I had begun writing about other things these past few weeks. I was writing an essay about my grandmother, whom I love deeply, and whose eyes are beginning to fail her. I was writing about how she loved Anna Karenina and used to read it to her own grandmother, who was blind.  I had also started writing about another client of mine, who suffered, not unlike Henry, from addiction and depression and various other afflictions. But I recently started a new semester of school and a new internship and was having trouble finishing everything. The words were just not coming together easily; the prose felt disjointed and lacked something, some cohesion.

Henry

By Kate Axelrod

Essay

Laura and I were sitting up front, and Henry was directly behind me.
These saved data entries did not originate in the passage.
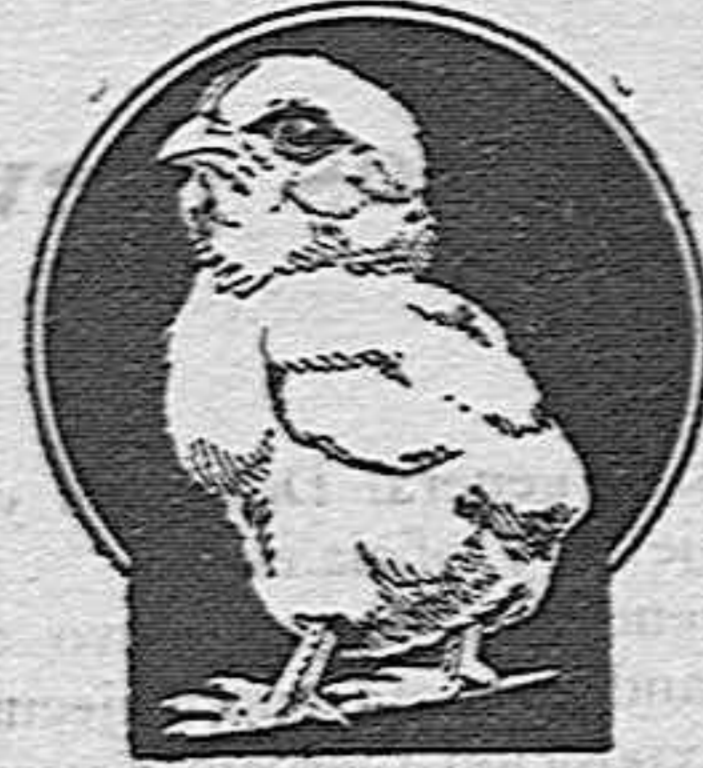
Polluelos de razas puras GRANJA PARAISO Arenas de Mar (Barcelona)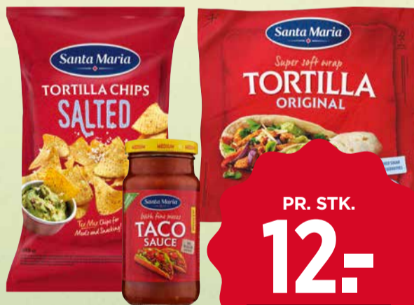
SANTA MARIA TEX MEX Flere varianter. 250 ml./15-371 g. Literpris 48,00 Max. Kg pris 800,00.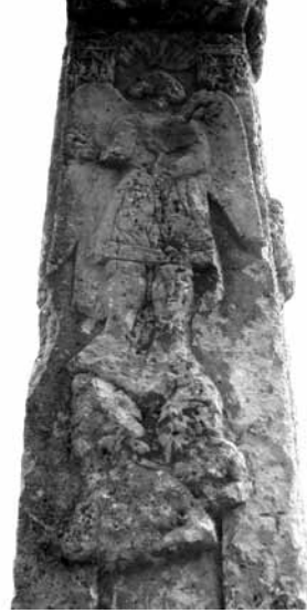
Lev. 2- Şeytanın Baş Melek Mikail tarafından ezilmesi, Mut Alahan Manastırı, Kuzey Kilisesi batı kapısından kabartma ayrıntı, 5. yy.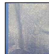
papier bulle 30 x 40 cm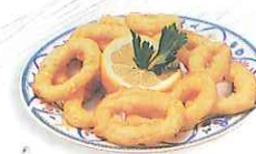
los calamares squid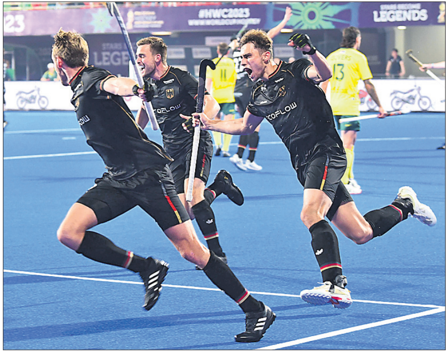
ଅଷ୍ଟ୍ରେଲିଆ ବିପକ୍ଷ ସେମିଫାଇନାଲ ମ୍ୟାଚ ଜିତିବା ପରେ ଖୁସିରେ ଆମ୍ବୁହରା ଜର୍ମାନୀ ଖେଳାଳି।

ବିଶ୍ୱ ନୟନରାଜ୍ୟ ଦଳ ଅଷ୍ଟ୍ରେଲିଆର ବିଶ୍ୱକପ ଚାଉଟଳ ଅଭିଯାନ ସେମିଫାଇନାଲରେ ଶେଷ ହୋଇଛି। ଶୁକ୍ରବାର କଲିକତା ଷ୍ଟାଡିୟମରେ ଅନୁଷ୍ଠିତ ପ୍ରଥମ ସେମିଫାଇନାଲରେ ଜର୍ମାନୀ ୪-୩ ଗୋଲରେ ବିଜୟ ହୋଇ ଅଷ୍ଟ୍ରେଲିଆକୁ ବିଦାୟ ପତ୍ର ଦେଖାଇଛି। ଫଳରେ ୧୯୮୬, ୨୦୧୦ ଓ ୨୦୧୪ରେ ଚାମ୍ପିୟନ ଅଷ୍ଟ୍ରେଲିଆର ଚାଉଟଳ ବିଜୟ ସ୍ୱପ୍ନ ଧୂଳିସାତ ହୋଇଛି। ୨୦୧୮ରେ ଅନୁଷ୍ଠିତ ସଂସ୍କରଣର ଟ୍ରୋଫି ପଦକ ବିଜେତା ଅଷ୍ଟ୍ରେଲିଆ ଏଥର ମଧ୍ୟ ଟ୍ରୋଫି ପଦକ ପାଇଁ ଲଢ଼ିବ। ଅନ୍ୟପକ୍ଷରେ ୨୦୦୨ ଓ ୨୦୦୬ରେ ଚାମ୍ପିୟନ ଏବଂ ୧୯୮୨ ଓ ୨୦୧୦ରେ ରନରଅପ୍ ଜର୍ମାନୀ ଦୀର୍ଘ ୧୩ ବର୍ଷ ବ୍ୟବଧାନରେ ଫାଇନାଲରେ ପ୍ରବେଶ କରିଛି।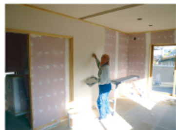
↑見事なコテさばきで塗り壁を仕上げました。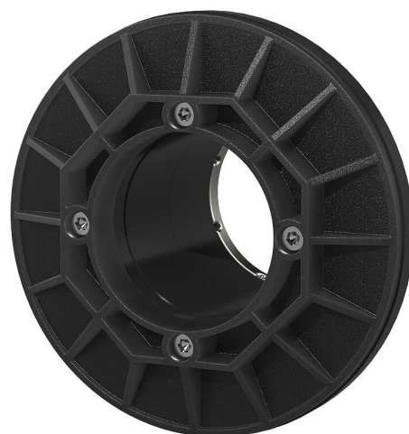
Slika može odstupati od odabranog proizvoda

Gumena tlačna brtva s prekrivajućom prirubnicom za povezivanje postojećih brtvi u zgradama s podrumom. Zbog širine brtvljenja od 80 mm prikladna je za brtvljenje u krunskim provrtima dvostrukih zidova/dijafragmi. Modul 6.2 zabrtvljuje betonsku oplatu dvostrukog zida i beton izliven na licu mjesta. Tako se sprječava da voda čija se razina podiže u području između dvostrukog zida i betona izlivenog na licu mjesta dospije u krunski provrt.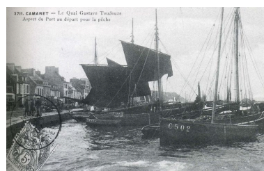
Carte postale 1907 : Le quai Toudouze, aspect du port au départ pour la pêche IVR53_20072908577NUCB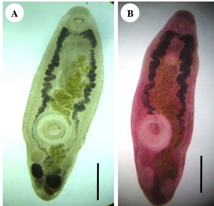
Figure 4: Derogenes varicus A: « in vivo », B: « in toto » (échelle= 0,5mm)

Nous la signalons pour la première fois chez Scorpaena porcus des côtes tunisiennes en provenance de Bizerte.

This was a couple of months ago and we were driving out to Westchester on a Monday afternoon. I was periodically checking on Henry through the rearview mirror. He was usually extremely talkative, bordering on manic, but his eyes kept closing shut and he was slipping in and out of sleep. He was middle aged but boyish in so many ways; today he looked like an overgrown teenager in a boy’s tee shirt and a baseball cap. I’d only known him for a couple months, but from the beginning I felt a tug of affection toward him—for the ways that he was forthcoming and insightful about his addiction and his depression, and how he confided that sometimes he honestly felt more comfortable when he was in prison than when he was out.